The Cranston Printing Company produces 35 million yards of textiles
every year, but looses about 5 percent of the goods. The performance of
textile production is dependent on this factor known as production quality.
The smaller amount of lost goods means a better production quality.
Intrinsic and artistic quality also factor into a textile company's
performance. Intrinsic quality is based on performance and color fastness.
Artistic quality is the basis for physical attractiveness.
Artistic quality is an important part of Cranston Printing. They have
two studios, one in New York and one in Cranston that work with about 20 to
25 artists. The company does not use any freelance artists and does not
license many designs for their products. The only designs they license are
big sellers like the Care Bear
designs.
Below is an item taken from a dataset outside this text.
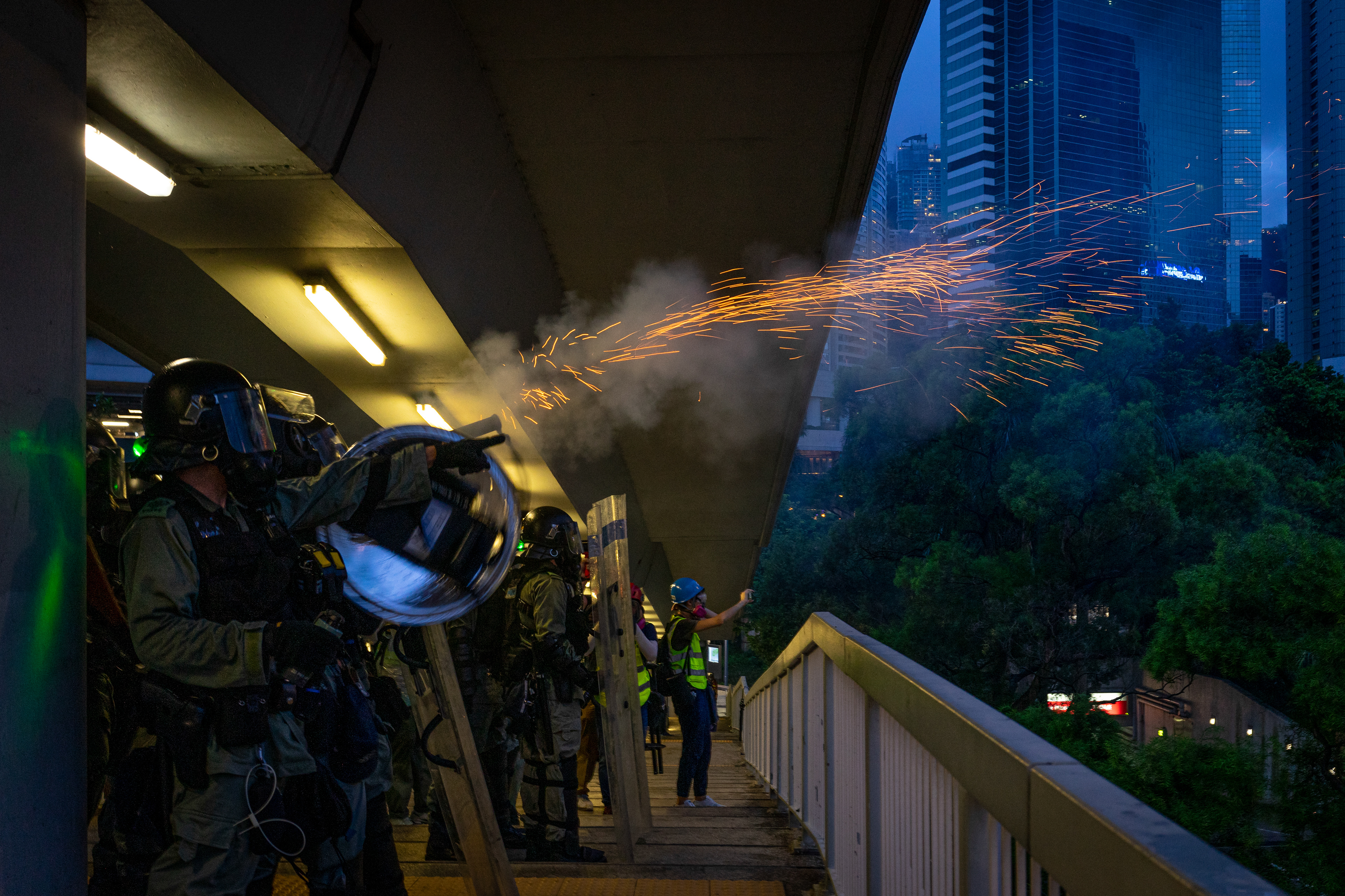 Tear Gas: Admiralty, Hong Kong: Riot police fire tear gas at a group of protestors on an adjacent footbridge. Protests today marked the 5th anniversary of the Chinese government's refusal of universal suffrage for Hong Kongers. The initial refusal was the impetus for the Umbrella Movement protests in 2014. August 31, 2019-Hong Kong

When a company licenses a design for their textile products, a
stylebook is included in the process of obtaining the design. A stylebook
lays out guidelines for the artists to use their characters or designs.
Cranston Printing has also copyrighted a design. This design of
American flags has a unique flow that makes it suitable for many
objects: ties, hats, etc. About 400,000 yards were sold after 9/11 and 2.2
million since it was created in 1991.
The designs are printed on mostly cotton fabrics. Only about 2
percent of the fabric is poly-cotton. Designs are transferred onto the
cotton with the use of 6 rotary screen printers. These printers are located
in Webster where only 5 are run at a time while one is being checked for
maintenance. The rotary screen printers use pigments and dyes and separate
the designs into 16 distinct colors. Cranston Printing also uses inkjet
printing where pictures are scanned into a digital file. This digital file
is then printed onto the fabric using a special printer for textiles. CAD is
also an important technological part of Cranston Printing. The designs are
created on the program as well as color identification.
Although Cranston Printing has become successful in the textile
industry, they still face their leading competitor, Springs. Springs has
become the leading textile printing company because it does a lot of
sourcing outside of the country. The company is also in charge of many Disney
licensed textile products.
Besides competition, Cranston Printing faces textile and economical
constraints. About 90 percent of apparel is done off shore in China and
Korea. Some eastern countries charge less for textile production, which
prevents companies from buying American made textiles. Textile supply is the
biggest problem because the low supply creates higher cost. The raw
materials are then decreasing the quality due to this problem.
The topic of textiles and printing was thoroughly covered by Robert
Malachowski. He explained the process and the problems with textiles today.
The process of artistic design and licensing was the most interesting
because the strictness of the stylebook depends on whether a company will
use a design for their textiles. Overall a presentation about a local
textile printing company is pleasing to see with all the competition and
economic problems with textiles in the United States.